Exam 2 Blueprint Cardiac Flashcards
What are the mixed defects?
Transpositional of the great vessels (TGV), total anomalous pulmonary venous return (TAPVR), Truncus arteriosus, and hypoplastic L heart syndrome (HLHS)
what is important to know about mixed defects?
Survival depends on mixing of blood from the pulmonary and systemic circulation within the heart, variable S/S depending on defect, cyanosis (although not always visible), CHF, and may require multiple surgeries (many times in the 1st week of life)
what is TGV?
the Aorta exits off the R ventricle and the pulmonary artery off the L ventricle, no communication between the pulmonary and systemic circulations, incompatible with life unless another defect is present that allows the mixing of blood, rapid and sustained cyanosis, surgical repair (immediate), and IV prostaglandin E may be admin to maintain ductal patency until surgery (to force the PDA and ASD to stay open)
what is TAPVR?
R atrium receives all the blood that normally would flow into the L atrium, R side of the heart hypertrophies, is overworked, and may cause a backup of blood in the lungs, L side of the heart, especially the L atrium, may remain small, generally have other defects, such as ASD or PDA, that will help the child by allowing more blood to get from the R side of the heart to the L side and out to the body, and if no other defects, immediate and progressive cyanosis and immediate surgical repair.
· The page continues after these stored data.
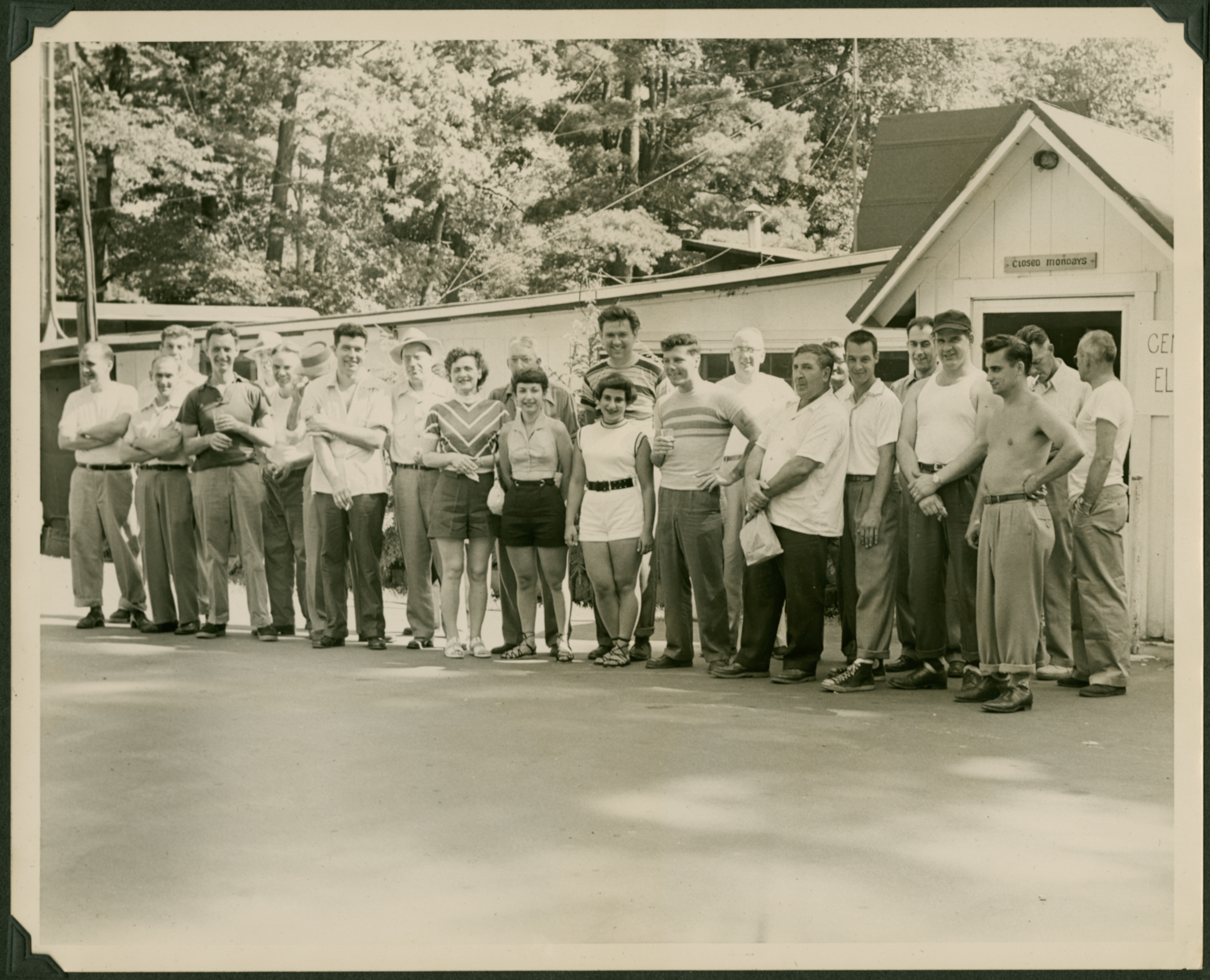 The image shows 24 men and women standing outside a building in what appears to be a wooded area. Most are wearing casual clothing and are smiling at the camera. Edmund is standing in the center of the photograph in a striped shirt. The sign above the door of the building in the background says, "Closed Mondays." A sign on the building to the right is cut off, but "CE-- EL--" can be seen. The back of the photograph is stamped with "William Askwith 75 Dwight St. Springfield, Mass." Askwith was a Springfield resident who served in World War II alongside Edmund.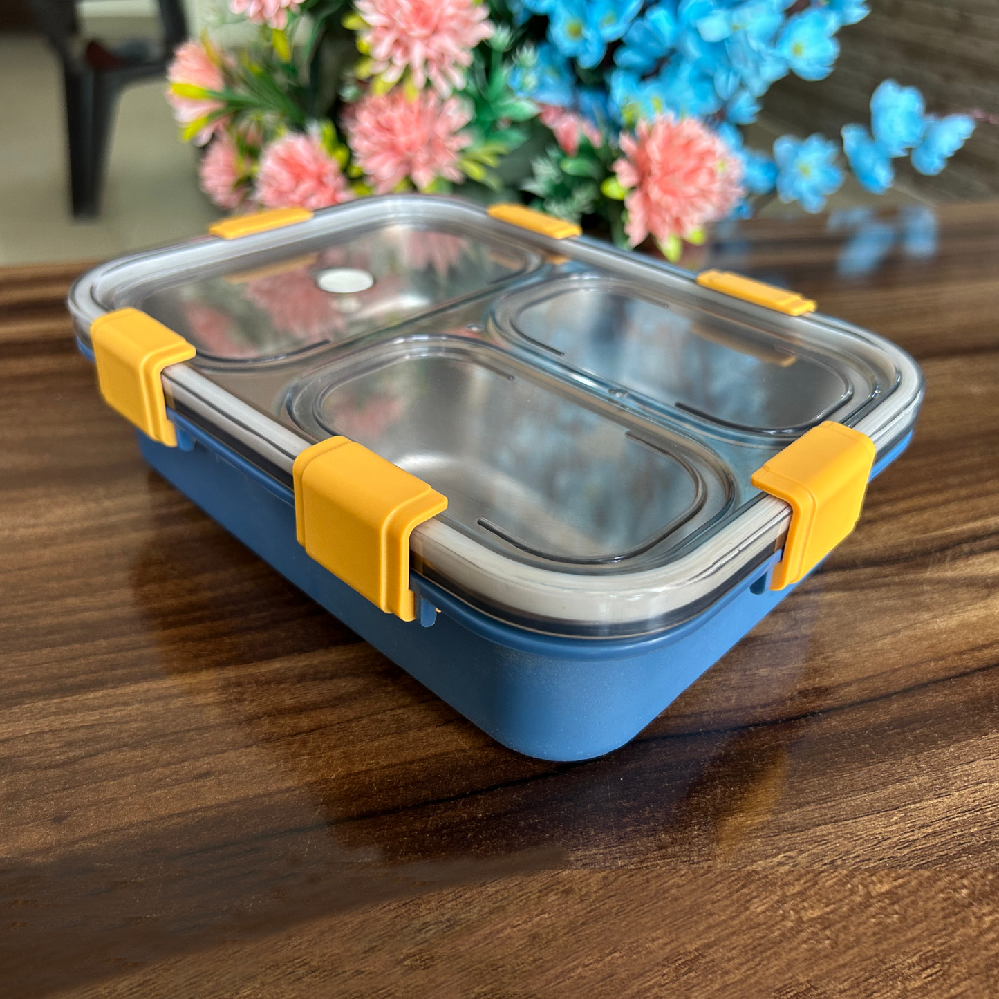 Breathable Button Design 3 Compartment Stainless Steel Bento Lunch Box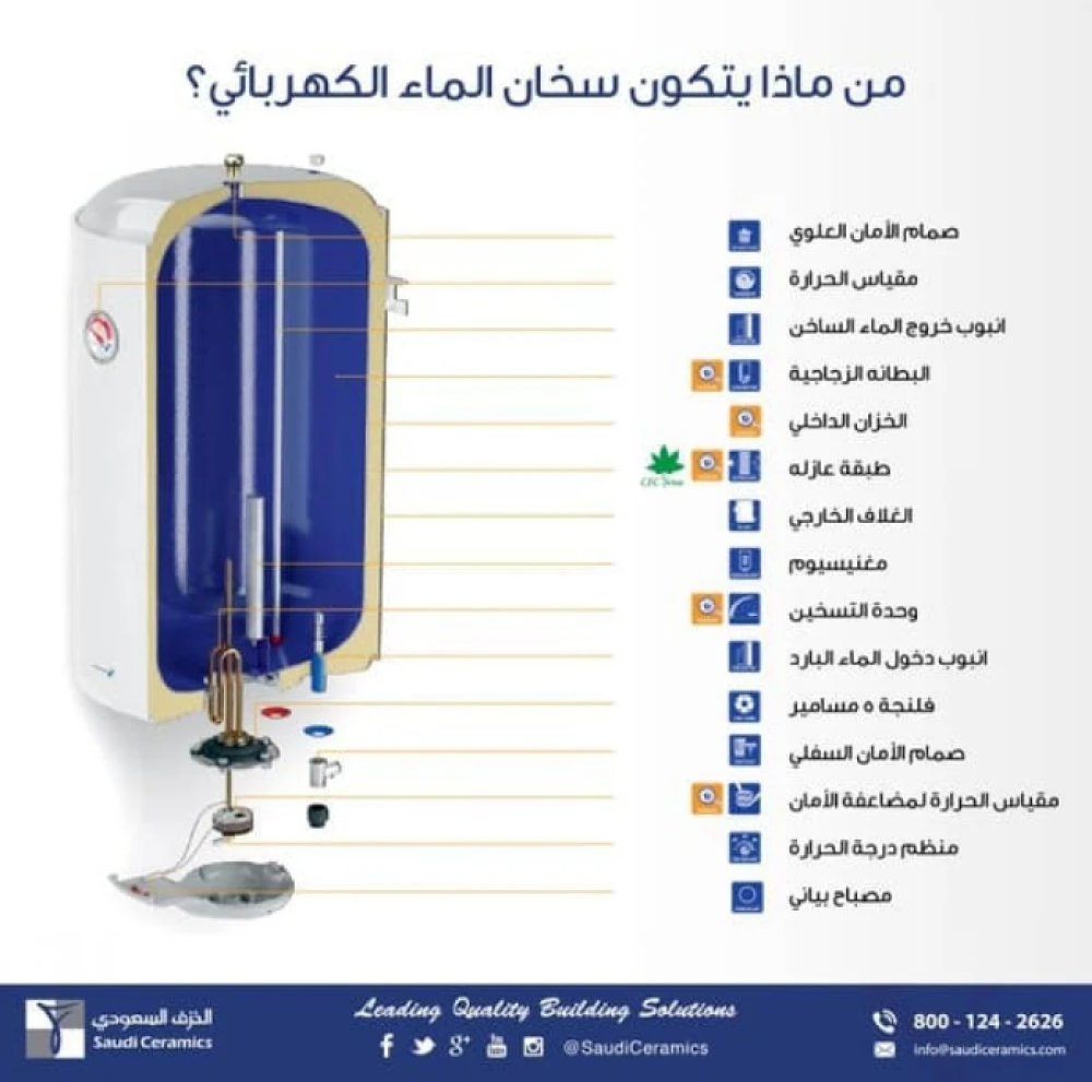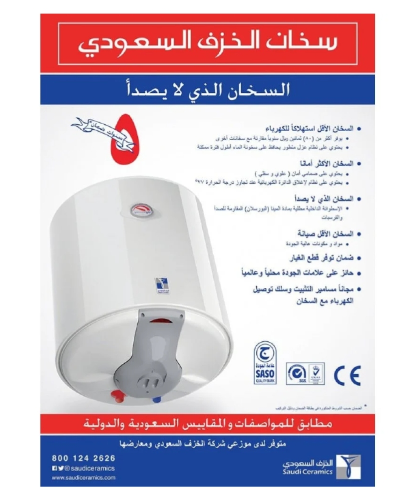 مميزات سخان الخزف السعودي 80 لتر عمودي :

what is Truncus arteriosus?
during fetal development, failure of the pulmonary artery and aorta to divide, resulting in one single vessel that opens into both R and L ventricles. Resistance is less to pulmonary blood flow than to systemic blood flow, so more blood flow to the lungs. Moderate to severe CHF with variable cyanosis. Surgical repair in the 1st month of life, VSD is usually repaired 1st.
what is HLHS?
second most common CHD, severe underdevelopment of the L side of the heart, aortic valve, aorta, L ventricle, and mitral valve. Pulmonary congestion and edema. Child will be asymptomatic until ductus arteriosus closes, then poor perfusion with cyanosis, tachypnea, and dyspnea. IV prostaglandin E to keep ductus arteriosus open until taken to surgery.
what are the obstructive defects?
Coarctation of the aorta
Aortic stenosis
Pulmonic stenosis
infection of valves and inner lining
bacterial endocarditis
what is important to know about bacterial endocarditis?
Sequalae of bacteremia
Strep Viridians
Low grade, intermittent fever, malaise, arthralgias, new murmur
Increased ESR, vegetation on ECHO
TX: Penicillin
Prevention: give ABX b4 dentistry/procedures and TEACH!
inflammatory disease of the heart, joints, skin, and CNS
rheumatic fever
what is important to know about rheumatic fever?
Group B hemolytic strep (+ ASO)
Aschoff bodies: the lesions of rheumatic fever found around blood vessels in the myocardium
Mitral valve carditis, murmur, CHF possible
Polyarthritis
Rash: erythema marginatum (trunk/ext)
SubQ nodules
Chorea
TX: prevention of strep, cardiac damage prevention, recurrence prevention, and PenG
what is Kawasaki Disease?
systemic vasculitis, ectasia (dilation of coronary artery leads to aneurysm (giant)), S/S = high fever, red eyes, ring around iris, strawberry tongue, rash (desquamates), and serious = MI, TX = high dose IVIG and salicylate therapy, and NC: grumpy kids, symptomatic, supportive.
what have increased pulmonary blood flow?
ASD (atrial), VSD (ventricle), PDA, and AV canal
what is patent ductus arteriosus?
fetal duct between the pulmonary artery and the aorta fails to close. May have no symptoms, but a murmur may be heard, and the child may develop CHF. May close spontaneously, if not, it may be closed medically with the admin of Indomethacin (Indocin), a prostaglandin inhibitor. If med is unsuccessful, surgery may be needed.
what is atrial septal defect (ASD)?
hole between the atria. May be a foramen ovule that has not closed at birth or a defect unrelated to the fetal duct. Most have no symptoms, but may develop CHF, if the ASD is large. A murmur may be heard. May ASDs close spontaneously. If not, surgery or interventional cardiology may be performed.